I’m nearly finished with Wolf now. Something I wrote yesterday bugged me, it felt not quite right. So I gave up and slept on it. This morning I know what’s wrong and what to do to fix it. It’s better on many levels, for reasons I can’t explain without giving away the story, but it’s always nice to identify what doesn’t work and what would.

This is one reason why reading is so useful to writers. Whenever I read something that doesn’t work for me, I pay attention. What didn’t work, and why? What would have worked instead? I probably get more from reading a book that doesn’t work for me than one that does work, although I do the same with those. Why did it work so well? What was particularly well done? How did the writer do it? I’ve always loved reading, but now I read on multiple levels and I get so much more out of it. For instance, I’m still reading Three Men In A Boat and there’s a thing the author does repeatedly that shouldn’t work, but it does. It fascinates me.

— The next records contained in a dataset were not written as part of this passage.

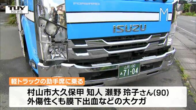 きのう夕方、山形県村山市で起きたトラックと軽トラックが衝突し高齢女性2人がケガをした事故について、女性は、脳挫傷などの大ケガをしたことが分かりました。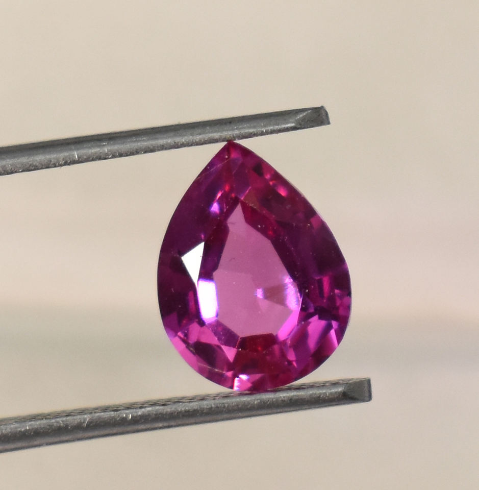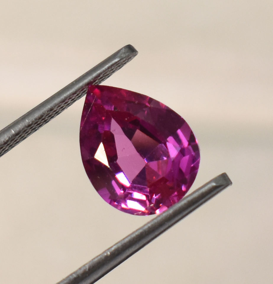 พลอยแซฟไฟร์สีชมพูทรงลูกแพร์เจียระไนแบบ Step Cut ขนาด 5x3 มม. 30x20 มม. ขนาดปรับเทียบแล้ว พลอยเพาะเลี้ยงในห้องปฏิบัติการ สำหรับทำเครื่องประดับ DIY
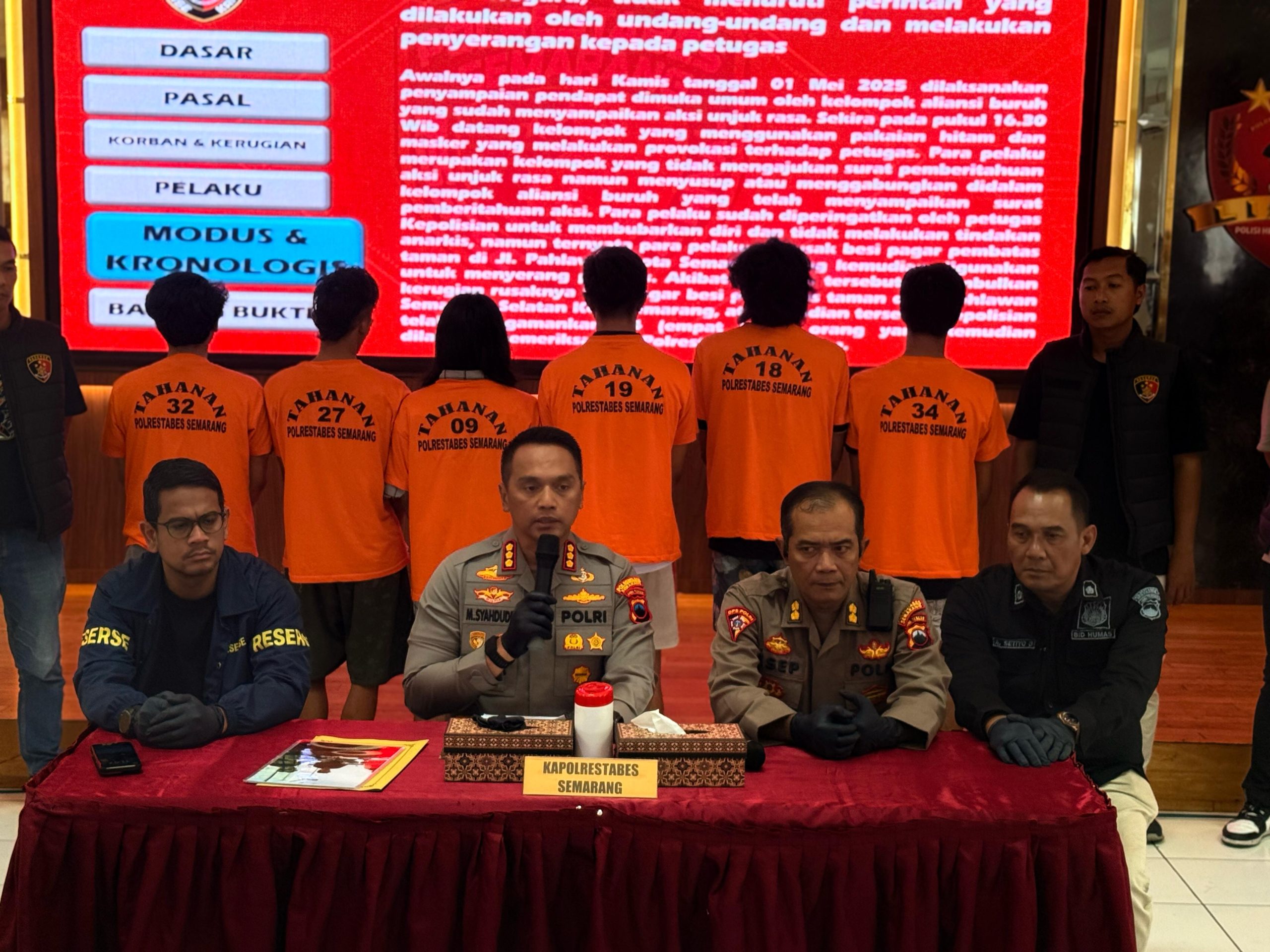 “Ada enam orang kita tetapkan sebagai tersangka. Semuanya memenuhi dua alat bukti, dan unsurnya memenuhi dalam pelanggaran pasal 214 sub 170 KUHP, mereka memiliki peran yang berbeda-beda dalam melakukan aksi anarkis tersebut, ada yang menyusun rencana untuk membuat aksi unjuk rasa berakhir rusuh termasuk penggunaan pakaian berwarna hitam, ada yang merusak fasilitas umum, melempar petugas pengamanan dengan batu, kayu dan benda lain serta melakukan aksi lain yang membahayakan dan melukai petugas”, ungkap Syahduddi di Mapolrestabes Semarang, Sabtu (4/5).

Anyway, I’m solid on my ending for Wolf. I need to fix yesterday’s scene with the improved version of events, get my ending scene done, and then go back through and do cleanup, flesh out anything that needs fleshing out, clarification, etc. And then it’ll be time to write The Blurb.

The Blurb would make a good horror movies for writers, wouldn’t it? Much more terrifying than a blob of jello.